Source data:
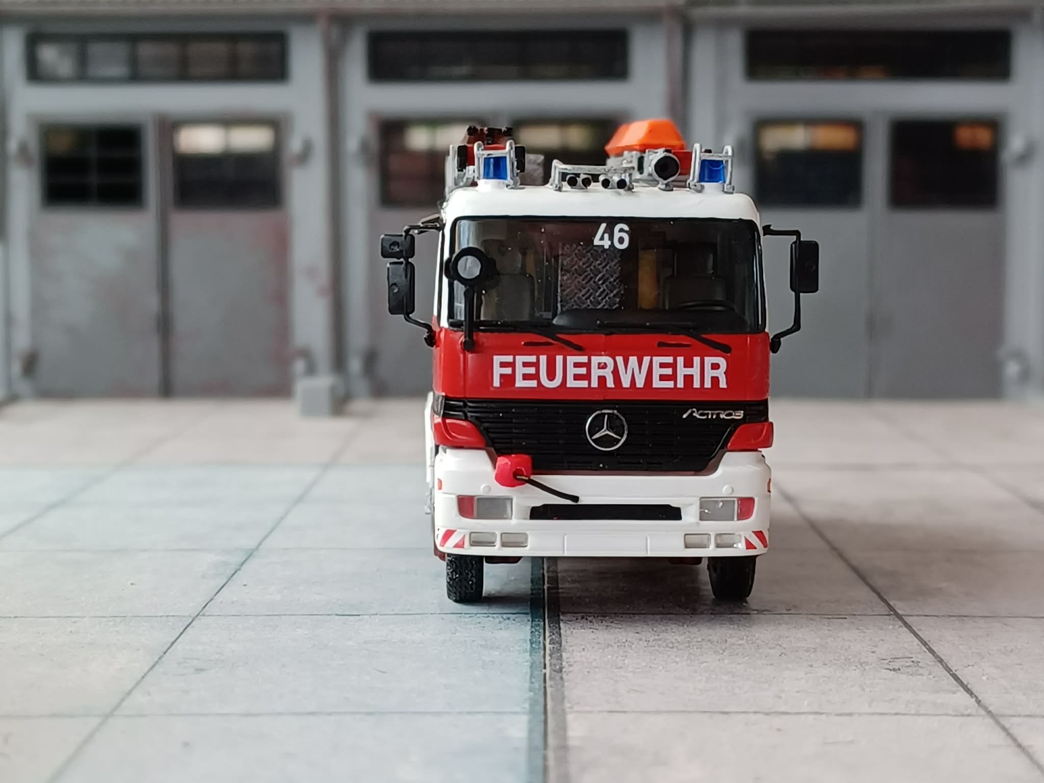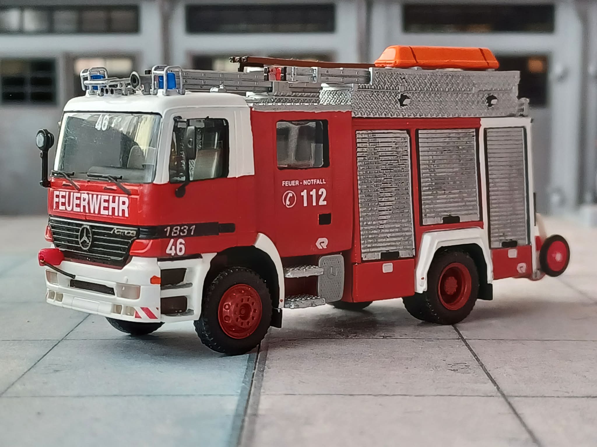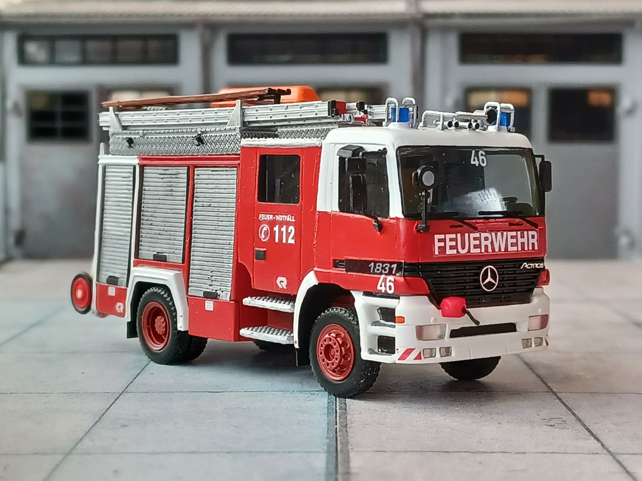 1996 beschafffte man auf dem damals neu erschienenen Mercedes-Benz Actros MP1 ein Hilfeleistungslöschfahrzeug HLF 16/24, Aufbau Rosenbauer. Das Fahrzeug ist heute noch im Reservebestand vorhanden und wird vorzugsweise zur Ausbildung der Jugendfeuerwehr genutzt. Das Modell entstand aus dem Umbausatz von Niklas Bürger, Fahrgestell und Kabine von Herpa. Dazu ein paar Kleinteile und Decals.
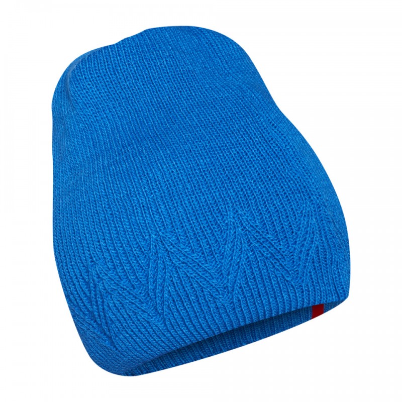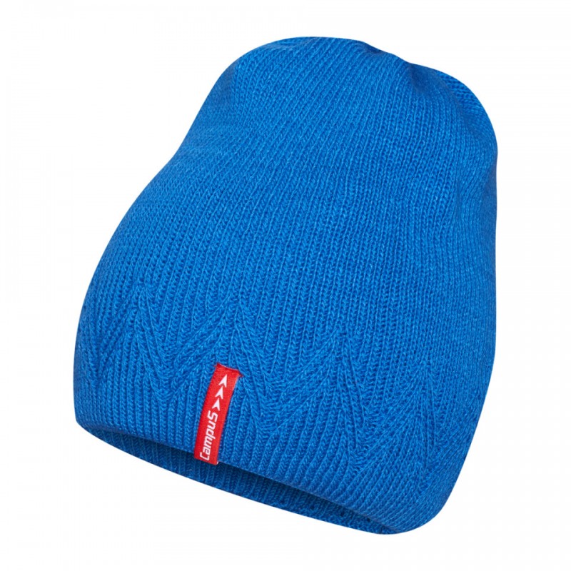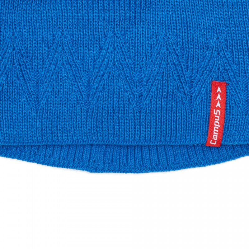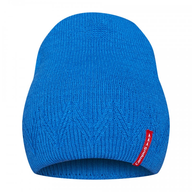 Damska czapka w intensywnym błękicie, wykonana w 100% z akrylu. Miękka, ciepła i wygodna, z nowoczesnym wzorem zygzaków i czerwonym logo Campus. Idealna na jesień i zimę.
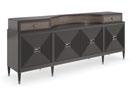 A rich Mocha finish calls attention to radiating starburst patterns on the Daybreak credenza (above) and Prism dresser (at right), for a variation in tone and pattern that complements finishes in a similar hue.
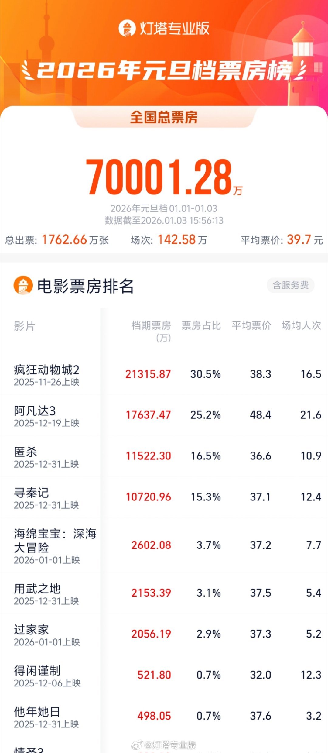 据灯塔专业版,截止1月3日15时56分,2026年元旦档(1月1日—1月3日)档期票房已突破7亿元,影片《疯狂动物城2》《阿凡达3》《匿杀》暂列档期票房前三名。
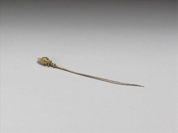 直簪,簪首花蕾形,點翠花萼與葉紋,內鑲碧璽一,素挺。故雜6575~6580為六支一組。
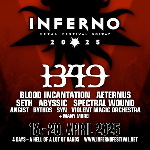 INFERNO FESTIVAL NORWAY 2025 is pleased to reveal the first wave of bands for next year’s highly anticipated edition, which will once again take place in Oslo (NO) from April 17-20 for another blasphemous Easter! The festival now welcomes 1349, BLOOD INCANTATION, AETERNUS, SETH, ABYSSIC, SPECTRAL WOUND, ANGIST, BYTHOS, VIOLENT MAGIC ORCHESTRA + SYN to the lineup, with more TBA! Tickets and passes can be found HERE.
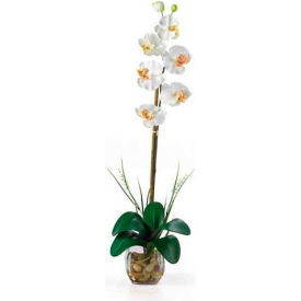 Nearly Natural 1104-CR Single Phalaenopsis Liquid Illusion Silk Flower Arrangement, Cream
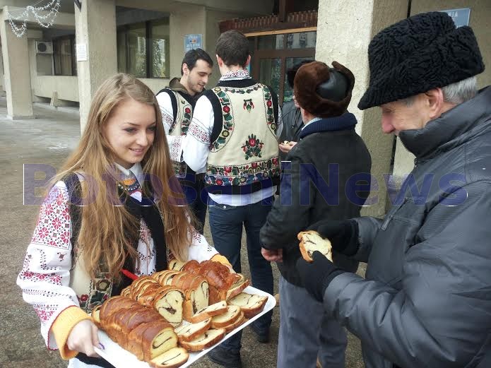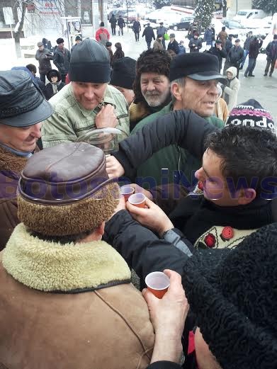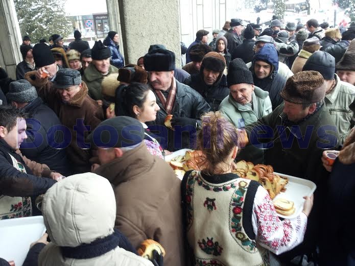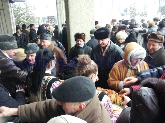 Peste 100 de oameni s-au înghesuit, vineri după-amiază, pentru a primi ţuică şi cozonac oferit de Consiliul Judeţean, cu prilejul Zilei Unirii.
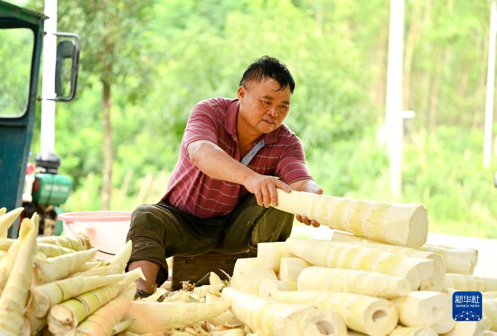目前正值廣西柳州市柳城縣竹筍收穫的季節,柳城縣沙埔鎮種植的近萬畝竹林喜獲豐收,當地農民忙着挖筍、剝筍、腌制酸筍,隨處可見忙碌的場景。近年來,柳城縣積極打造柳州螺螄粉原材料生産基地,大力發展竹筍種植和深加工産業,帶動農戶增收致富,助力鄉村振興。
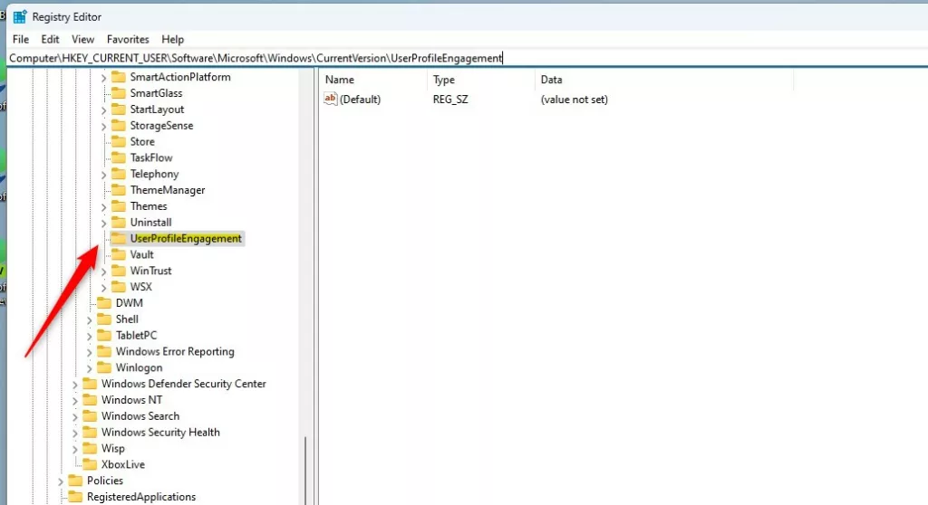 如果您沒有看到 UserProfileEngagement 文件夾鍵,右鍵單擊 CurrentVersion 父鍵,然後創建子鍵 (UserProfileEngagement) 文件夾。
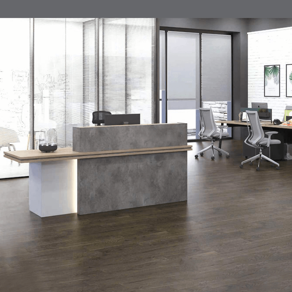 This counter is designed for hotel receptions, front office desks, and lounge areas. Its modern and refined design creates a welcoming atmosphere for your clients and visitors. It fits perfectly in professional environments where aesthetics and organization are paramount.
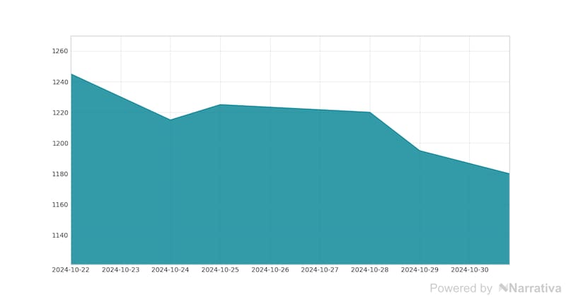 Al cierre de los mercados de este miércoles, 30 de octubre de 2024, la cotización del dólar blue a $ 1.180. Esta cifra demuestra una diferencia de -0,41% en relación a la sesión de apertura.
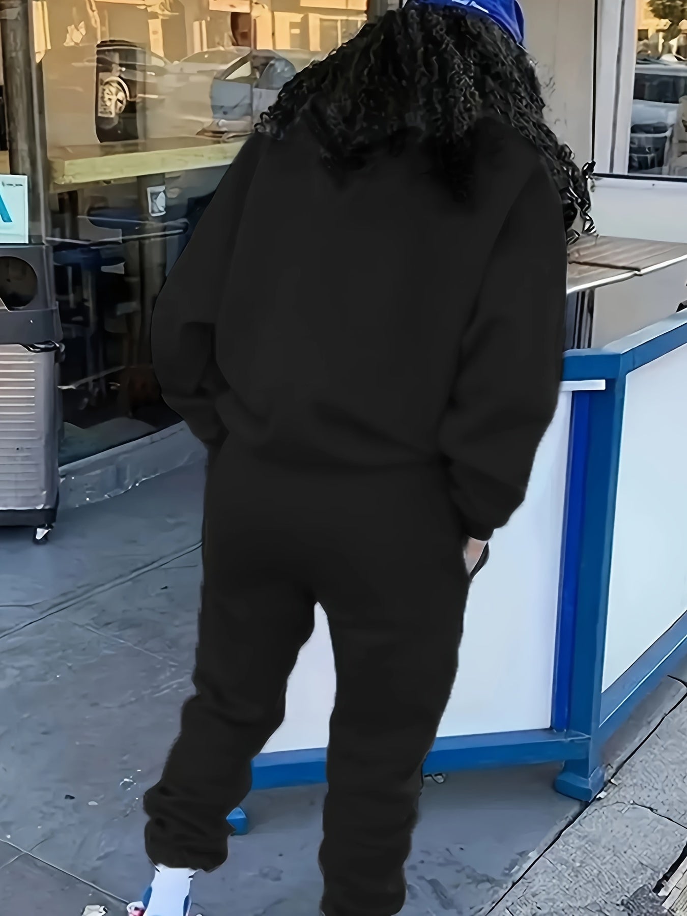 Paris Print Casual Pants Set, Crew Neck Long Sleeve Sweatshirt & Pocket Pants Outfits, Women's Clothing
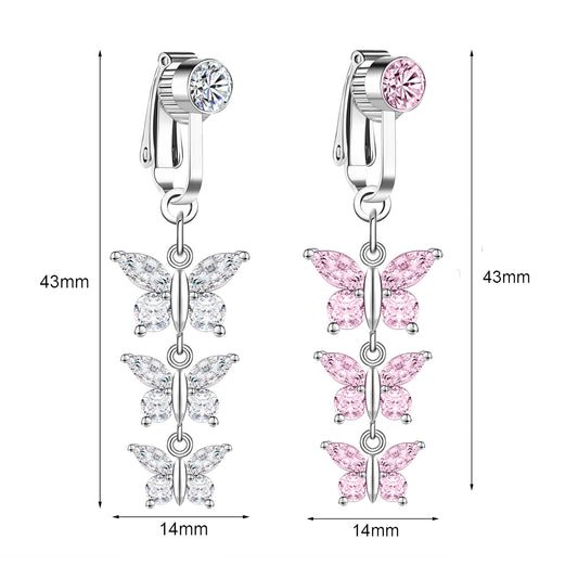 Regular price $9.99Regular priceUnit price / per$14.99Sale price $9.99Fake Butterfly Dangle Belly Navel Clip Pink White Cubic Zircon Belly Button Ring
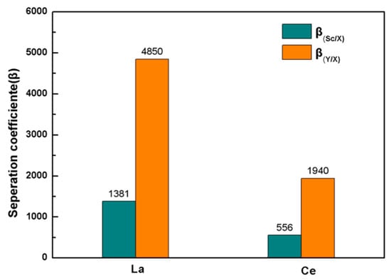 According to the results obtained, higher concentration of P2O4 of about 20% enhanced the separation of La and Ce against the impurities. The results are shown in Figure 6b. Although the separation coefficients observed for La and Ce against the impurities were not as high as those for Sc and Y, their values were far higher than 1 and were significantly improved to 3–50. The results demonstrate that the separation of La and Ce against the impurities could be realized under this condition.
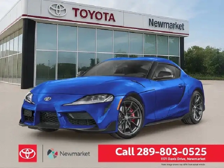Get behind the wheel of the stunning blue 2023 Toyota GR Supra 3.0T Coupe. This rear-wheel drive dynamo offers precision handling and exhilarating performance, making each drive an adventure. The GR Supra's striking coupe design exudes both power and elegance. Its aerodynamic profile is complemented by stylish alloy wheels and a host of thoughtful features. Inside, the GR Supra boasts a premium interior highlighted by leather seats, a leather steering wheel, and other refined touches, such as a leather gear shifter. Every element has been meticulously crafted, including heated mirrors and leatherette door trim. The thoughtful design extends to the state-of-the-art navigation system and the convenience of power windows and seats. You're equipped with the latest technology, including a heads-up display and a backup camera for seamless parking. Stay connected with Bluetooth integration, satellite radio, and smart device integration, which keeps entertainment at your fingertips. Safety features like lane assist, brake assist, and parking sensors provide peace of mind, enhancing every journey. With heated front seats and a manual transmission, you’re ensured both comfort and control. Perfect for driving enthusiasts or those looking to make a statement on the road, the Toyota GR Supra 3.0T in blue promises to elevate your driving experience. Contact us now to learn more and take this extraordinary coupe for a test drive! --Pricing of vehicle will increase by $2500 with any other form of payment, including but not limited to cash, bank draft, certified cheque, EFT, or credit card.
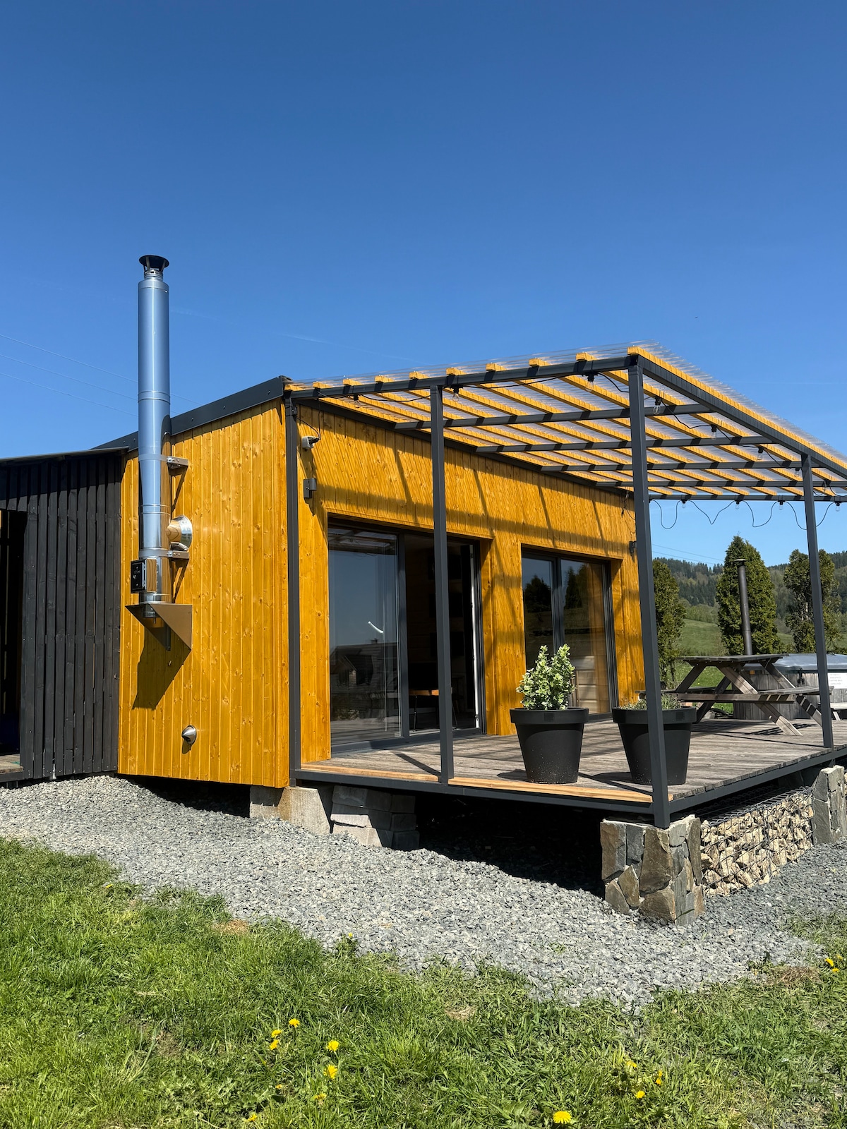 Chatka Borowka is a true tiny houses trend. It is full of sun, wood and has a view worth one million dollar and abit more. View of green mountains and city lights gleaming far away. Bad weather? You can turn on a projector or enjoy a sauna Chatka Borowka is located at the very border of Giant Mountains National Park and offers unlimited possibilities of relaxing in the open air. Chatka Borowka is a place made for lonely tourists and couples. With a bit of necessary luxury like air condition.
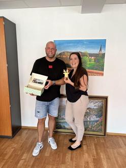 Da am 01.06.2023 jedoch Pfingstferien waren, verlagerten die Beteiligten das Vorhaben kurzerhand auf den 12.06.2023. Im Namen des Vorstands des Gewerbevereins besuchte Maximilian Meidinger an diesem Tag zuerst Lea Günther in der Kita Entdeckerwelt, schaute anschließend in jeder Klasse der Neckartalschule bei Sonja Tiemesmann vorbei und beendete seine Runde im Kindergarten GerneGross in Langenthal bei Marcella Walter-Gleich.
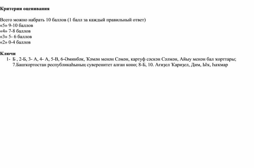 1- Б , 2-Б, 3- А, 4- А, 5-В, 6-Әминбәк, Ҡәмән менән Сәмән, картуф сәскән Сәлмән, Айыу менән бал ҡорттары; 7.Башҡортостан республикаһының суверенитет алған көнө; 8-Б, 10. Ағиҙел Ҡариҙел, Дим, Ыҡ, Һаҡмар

The task> Exclude the images, then output the data above word for word.

Answer section>
 1996 beschafffte man auf dem damals neu erschienenen Mercedes-Benz Actros MP1 ein Hilfeleistungslöschfahrzeug HLF 16/24, Aufbau Rosenbauer. Das Fahrzeug ist heute noch im Reservebestand vorhanden und wird vorzugsweise zur Ausbildung der Jugendfeuerwehr genutzt. Das Modell entstand aus dem Umbausatz von Niklas Bürger, Fahrgestell und Kabine von Herpa. Dazu ein paar Kleinteile und Decals.
 Damska czapka w intensywnym błękicie, wykonana w 100% z akrylu. Miękka, ciepła i wygodna, z nowoczesnym wzorem zygzaków i czerwonym logo Campus. Idealna na jesień i zimę.
 A rich Mocha finish calls attention to radiating starburst patterns on the Daybreak credenza (above) and Prism dresser (at right), for a variation in tone and pattern that complements finishes in a similar hue.
 据灯塔专业版,截止1月3日15时56分,2026年元旦档(1月1日—1月3日)档期票房已突破7亿元,影片《疯狂动物城2》《阿凡达3》《匿杀》暂列档期票房前三名。
 直簪,簪首花蕾形,點翠花萼與葉紋,內鑲碧璽一,素挺。故雜6575~6580為六支一組。
 INFERNO FESTIVAL NORWAY 2025 is pleased to reveal the first wave of bands for next year’s highly anticipated edition, which will once again take place in Oslo (NO) from April 17-20 for another blasphemous Easter! The festival now welcomes 1349, BLOOD INCANTATION, AETERNUS, SETH, ABYSSIC, SPECTRAL WOUND, ANGIST, BYTHOS, VIOLENT MAGIC ORCHESTRA + SYN to the lineup, with more TBA! Tickets and passes can be found HERE.
 Nearly Natural 1104-CR Single Phalaenopsis Liquid Illusion Silk Flower Arrangement, Cream
 Peste 100 de oameni s-au înghesuit, vineri după-amiază, pentru a primi ţuică şi cozonac oferit de Consiliul Judeţean, cu prilejul Zilei Unirii.
目前正值廣西柳州市柳城縣竹筍收穫的季節,柳城縣沙埔鎮種植的近萬畝竹林喜獲豐收,當地農民忙着挖筍、剝筍、腌制酸筍,隨處可見忙碌的場景。近年來,柳城縣積極打造柳州螺螄粉原材料生産基地,大力發展竹筍種植和深加工産業,帶動農戶增收致富,助力鄉村振興。
 如果您沒有看到 UserProfileEngagement 文件夾鍵,右鍵單擊 CurrentVersion 父鍵,然後創建子鍵 (UserProfileEngagement) 文件夾。
 This counter is designed for hotel receptions, front office desks, and lounge areas. Its modern and refined design creates a welcoming atmosphere for your clients and visitors. It fits perfectly in professional environments where aesthetics and organization are paramount.
 Al cierre de los mercados de este miércoles, 30 de octubre de 2024, la cotización del dólar blue a $ 1.180. Esta cifra demuestra una diferencia de -0,41% en relación a la sesión de apertura.
 Paris Print Casual Pants Set, Crew Neck Long Sleeve Sweatshirt & Pocket Pants Outfits, Women's Clothing
 Regular price $9.99Regular priceUnit price / per$14.99Sale price $9.99Fake Butterfly Dangle Belly Navel Clip Pink White Cubic Zircon Belly Button Ring
 According to the results obtained, higher concentration of P2O4 of about 20% enhanced the separation of La and Ce against the impurities. The results are shown in Figure 6b. Although the separation coefficients observed for La and Ce against the impurities were not as high as those for Sc and Y, their values were far higher than 1 and were significantly improved to 3–50. The results demonstrate that the separation of La and Ce against the impurities could be realized under this condition.
Get behind the wheel of the stunning blue 2023 Toyota GR Supra 3.0T Coupe. This rear-wheel drive dynamo offers precision handling and exhilarating performance, making each drive an adventure. The GR Supra's striking coupe design exudes both power and elegance. Its aerodynamic profile is complemented by stylish alloy wheels and a host of thoughtful features. Inside, the GR Supra boasts a premium interior highlighted by leather seats, a leather steering wheel, and other refined touches, such as a leather gear shifter. Every element has been meticulously crafted, including heated mirrors and leatherette door trim. The thoughtful design extends to the state-of-the-art navigation system and the convenience of power windows and seats. You're equipped with the latest technology, including a heads-up display and a backup camera for seamless parking. Stay connected with Bluetooth integration, satellite radio, and smart device integration, which keeps entertainment at your fingertips. Safety features like lane assist, brake assist, and parking sensors provide peace of mind, enhancing every journey. With heated front seats and a manual transmission, you’re ensured both comfort and control. Perfect for driving enthusiasts or those looking to make a statement on the road, the Toyota GR Supra 3.0T in blue promises to elevate your driving experience. Contact us now to learn more and take this extraordinary coupe for a test drive! --Pricing of vehicle will increase by $2500 with any other form of payment, including but not limited to cash, bank draft, certified cheque, EFT, or credit card.
 Chatka Borowka is a true tiny houses trend. It is full of sun, wood and has a view worth one million dollar and abit more. View of green mountains and city lights gleaming far away. Bad weather? You can turn on a projector or enjoy a sauna Chatka Borowka is located at the very border of Giant Mountains National Park and offers unlimited possibilities of relaxing in the open air. Chatka Borowka is a place made for lonely tourists and couples. With a bit of necessary luxury like air condition.
 Da am 01.06.2023 jedoch Pfingstferien waren, verlagerten die Beteiligten das Vorhaben kurzerhand auf den 12.06.2023. Im Namen des Vorstands des Gewerbevereins besuchte Maximilian Meidinger an diesem Tag zuerst Lea Günther in der Kita Entdeckerwelt, schaute anschließend in jeder Klasse der Neckartalschule bei Sonja Tiemesmann vorbei und beendete seine Runde im Kindergarten GerneGross in Langenthal bei Marcella Walter-Gleich.
 1- Б , 2-Б, 3- А, 4- А, 5-В, 6-Әминбәк, Ҡәмән менән Сәмән, картуф сәскән Сәлмән, Айыу менән бал ҡорттары; 7.Башҡортостан республикаһының суверенитет алған көнө; 8-Б, 10. Ағиҙел Ҡариҙел, Дим, Ыҡ, Һаҡмар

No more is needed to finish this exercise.